敵性識別
知結の瞳から大粒の涙がこぼれ落ち、テオドールへの魔力供給がぷつりと途切れた。
「……っゴメン! 今言うべき話じゃなかった!」
combat_assist_layer {
identify allied_unit
predict movement_vector
compensate reaction_delay
stabilize mana_circulation
}
テオドールが慌てて魔力を立て直すが、膝がガクンと落ちる。
「……くっ!」
反応速度を補正し、騎士らの体を軽くする魔法。
高効率とはいえ軍全体への展開は、さすがに負荷が大きい。
「知結、集中」
「あっ……そうだね、ごめん!!」
司に指摘され、知結は袖で乱暴に涙を拭う。
そしてテオドールの杖に自分の手を重ねる。
「えっ!?」
距離の近さに、テオドールが思わず目を見開く。
「この方が“効率”いいかなと思って」
知結は得意げな顔で、自分の魔力を杖に直接送り込み始めた。
「……確かに!」
わずかに照れ笑いを交わす二人。
戦場を睨みつけるように見ていた司は、微かに漂い出した血の匂いに顔を顰めた。
「少し向こうを見てくる……!」
「あ、はい!」
「パパ、気をつけてね!」
⸻
監視塔を駆け下りながら、司は外を見た。
また一体、魔物が光となって崩れ落ちる。
淡い粒子は大地へ吸い込まれ、薄く戦場全体へ広がっていく。
まるで大地が死を喰っているみたいだった
(死の検知、高密度粒子、世界の核……)
頭の中で嫌な仮説が積み上がっていく。
(もし……この世界が召喚のたびに壊れているとしたら)
そして、その不具合をさらに召喚で補ってきたのだとしたら——
魔族がやっているのは、戦争ではない。
(……その場合、八方塞がりだ)
仮説が外れることを祈りながら、司は足を速めた。
⸻
重厚な城門脇の潜り戸を抜けた瞬間、司は息を詰めた。
生温かい血の臭い。
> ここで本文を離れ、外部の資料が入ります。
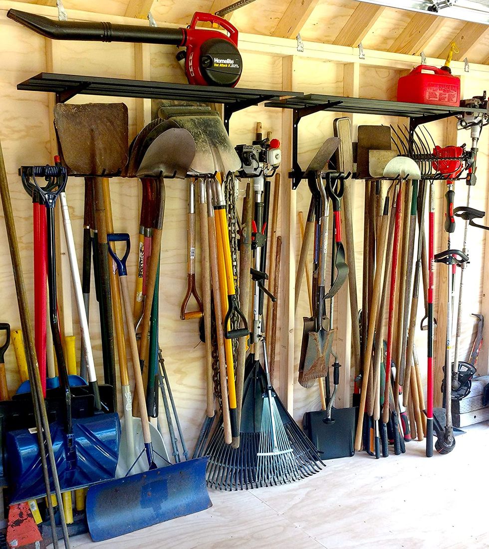 Get your tools in check with this StoreYourBoard Tool Rack and Storage Shelf, Home, and Garage Organizer. It includes a built-in top shelf and a row of hooks that are perfectly sized for holding your rakes, shovels, brooms, hoses, and any other garage and garden essentials.

糞尿が混じった臓物。焼け焦げた肉塊。
それらが混じり合い、濃厚な死の臭いとなって波のように襲いかかってくる。
足元は血と臓物でぬかるみ、靴がぐちゃりと沈みこむ。
至る所に引き裂かれた肉片、折られた骨、歯、指、眼球——人間のあらゆる“もの“が散らばり、生々しく転がっている。
断末魔の叫びが至る所から響き、すぐ近くでは鎧ごと潰され歪んだ“人の塊“が、苦悶の声をあげている。
肉を裂き骨が滑る剣の音。骨が砕ける鈍い響き。血が噴き出す破裂音。
遠くの音のはずなのに、すべて耳元で鳴っている気さえする。
初めて間近で見る生の戦場。
それはまさに“地獄絵図“だった。
「……ぅ、ぷ……」
込み上げる吐き気に、司は自分の頬を思い切り叩きつけた。
(しっかりしろ、俺……!!)
司は口元を押さえ、吐き気を必死に堪えながら、地面に広がる薄い魔法陣へ視線を落とす。
(この陣は、どこで維持している?)
周囲を見渡しても術者らしき姿はない。
ならば——
(直接、埋め込んであるのか?)
膝をつき土を掻き分けると、細い木の根のようなものが張り巡らされていた。
そこから微かな魔力が放出されている。
combat_behavior_protocol {
identify hostile_signature
prioritize target
execute attack_pattern
}
hostile_signature {
detect neural_pattern
detect mana_resonance
exclude demon_factor
}
(これは……さっき見た術式とは別か)
「“敵”として認識してるんじゃない。条件一致した対象を、機械的に攻撃してるだけか……」
この条件を書き換えれば——
少なくとも、この戦場は止められる。
ただ、それが世界にとって正しい選択なのかは……わからない。
それでも、知結とテオドールがいる以上、司に選択肢はなかった。
前線から一時下がってきていたレグナードが、地面へ食い入るように視線を向ける司に気づく。
(……何かを解析しているのか?)
魔法を読み解き、干渉する力。
レグナードは司の行動から目を離すことができないでいた。
自身が震えていることにも気づかずに。
司は祈るように目を伏せ、意を決するように光へ両手を差し込む。
“neural_pattern”
“demon_factor”
二つの記述へ触れ——
ゆっくりと、その位置を入れ替える。
魔法陣の淡い光が、鈍く揺れ出した。
その瞬間。
最前線で騎士を貪り食っていたオークの巨体が
——不自然に静止した。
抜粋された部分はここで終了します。